O caminho não é
perfeito, não é longo, não é curto, não é interminável, não é fantástico, mas
tem de ser um caminho de pura e simples aprendizagem, pois cada um será a
sombra daquilo que aprende ou até daquilo que quis aprender.
Nas vidas que
correm por aí, tornou-se banal e normal, cobiçarmos a caminhada do vizinho, do
colega, do patrão, do amigo, só porque ele tem um carro melhor, uma casa maior
e até uma mulher mais jeitosa.

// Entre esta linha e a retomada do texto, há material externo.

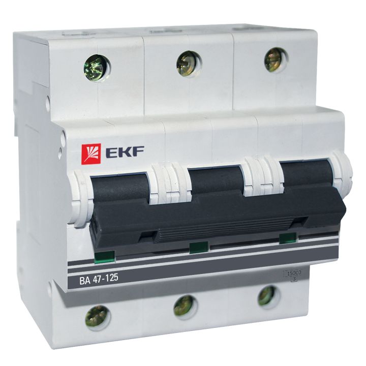 Автоматические выключатели ВА 47-125 EKF PROxima благодаря высокой предельной коммутационной способности 15 кА могут использоваться вместо силовых автоматических выключателей. Выключатели имеют ширину корпуса 1,5 модуля (27 мм), производятся с номинальными токами до 125 А. Для надежного гашения дуги используется двойной разрыв контактов и две дугогасительные камеры. Оптимальная токопроводимость обеспечивается серебросодержащей контактной группой.

Deixou de ser normal gostarmos da nossa própria
vida, para apreciarmos de camarote a vida do outro, só porque sonhamos em ser
aquilo que não somos e talvez nunca venhamos a ser.
Assim que somos
despejados para o mundo, de imediato temos de abrir os olhos e chorar, pois a
serenidade será presságio de que algo está mal, e que presságio trará a nossa
serenidade a observar e “namorar” a caminhada do outro?
Cada um terá
sempre a capacidade de ser feliz na sua própria caminhada, se simplesmente
quiser ser melhor, não que os outros, mas sim melhor para si, para a sua
aprendizagem, para a sua satisfação pessoal.
Cada um terá
sempre a capacidade de cobiçar, e realmente será muito mais fácil, do que lutar,
persistir ou acreditar, mas irá simplesmente morrer com o desejo de querer e
nunca de querer realmente.
Acredito que a
felicidade estará mais depressa ao meu alcance do que do meu vizinho, pois a
minha felicidade e realização passará por mim, e nunca por ti, por tal acredito
também, que a minha vida pode não ser melhor que a do vizinho, mas é a minha e
é aquela que tenho e é o único bem que tenho só e só meu.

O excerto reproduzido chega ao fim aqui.